According to the published judgment, the claimant, named as A Osvald, claimed breach of contract by southeast firm Holden and Co LLP when it told him he would be required to work at different offices. 

Osvald completed his law degree in 2013 but did not pursue a legal career at the time because of child care responsibilities. He applied for a trainee role at Holden and Co LLP in 2021 and met with the firm's principal to discuss the trainee solicitor role. Employment Judge McLaren found that the conversation ‘set out the parameters for a working relationship’ which included the job role, salary, reduced hours, a start date and the office location.

Subsequent emails confirmed these details including the £22,000 full-time salary and the office location, a parking space and covering of expenses for exams.

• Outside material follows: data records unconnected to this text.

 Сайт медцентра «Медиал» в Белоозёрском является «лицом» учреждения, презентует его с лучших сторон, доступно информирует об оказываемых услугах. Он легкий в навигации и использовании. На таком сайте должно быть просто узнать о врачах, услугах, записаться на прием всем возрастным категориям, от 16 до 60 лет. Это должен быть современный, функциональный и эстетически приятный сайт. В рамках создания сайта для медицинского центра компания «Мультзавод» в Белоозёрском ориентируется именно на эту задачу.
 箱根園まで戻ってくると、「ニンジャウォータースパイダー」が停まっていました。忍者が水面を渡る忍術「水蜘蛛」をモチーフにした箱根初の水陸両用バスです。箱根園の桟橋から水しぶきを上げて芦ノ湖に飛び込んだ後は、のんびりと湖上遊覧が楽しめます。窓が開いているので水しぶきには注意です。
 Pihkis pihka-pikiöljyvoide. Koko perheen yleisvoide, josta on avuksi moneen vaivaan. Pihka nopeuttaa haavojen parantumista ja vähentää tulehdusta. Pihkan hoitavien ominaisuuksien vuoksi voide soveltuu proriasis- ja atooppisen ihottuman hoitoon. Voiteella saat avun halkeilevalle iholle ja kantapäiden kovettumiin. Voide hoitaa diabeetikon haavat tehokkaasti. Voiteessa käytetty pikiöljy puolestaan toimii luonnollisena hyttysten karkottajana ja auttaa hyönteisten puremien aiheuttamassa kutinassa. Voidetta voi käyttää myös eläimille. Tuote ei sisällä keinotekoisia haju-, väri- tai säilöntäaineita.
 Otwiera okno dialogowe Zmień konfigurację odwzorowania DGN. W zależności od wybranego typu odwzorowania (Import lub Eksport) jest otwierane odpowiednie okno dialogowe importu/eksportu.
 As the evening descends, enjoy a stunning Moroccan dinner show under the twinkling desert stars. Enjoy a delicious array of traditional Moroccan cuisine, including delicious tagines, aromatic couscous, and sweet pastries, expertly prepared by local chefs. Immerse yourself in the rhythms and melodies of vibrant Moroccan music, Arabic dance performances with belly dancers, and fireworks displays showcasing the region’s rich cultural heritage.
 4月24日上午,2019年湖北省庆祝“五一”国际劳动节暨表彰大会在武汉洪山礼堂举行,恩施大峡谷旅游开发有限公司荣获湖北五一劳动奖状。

Osvald received his contract four days before his start date. He told the firm that he could work only in the Hastings office due to childcare responsibilities and that a reference to working at other offices needed to be removed. However the firm said it was essential that Osvald was available to work at the Ashford, Kent, office. Osvald returned the firm’s keys three days later.

In finding a breach of contract, the judgment stated: ‘There is no requirement for an employment contract to be in writing. What is required is offer acceptance and consideration.' The judge found the agreed office location was Hastings. The firm 'fully understood the reason for the claimant’s limited ability to attend at other sites. To go to Ashford would be entirely impracticable with a pickup from school and the respondent was aware of this fact.'

The judge concluded that sending a written document changing the place of work, 'albeit on an occasional basis', and refusing to alter this amounted to a fundamental breach of a term. 'This was sufficient to allow the claimant to treat the oral contract as at an end and resign.’

A remedy judgment found Osvald was entitled to four weeks' pay, agreed by both parties as a ‘reasonable notice to be implied’. Osvald was awarded £1,354.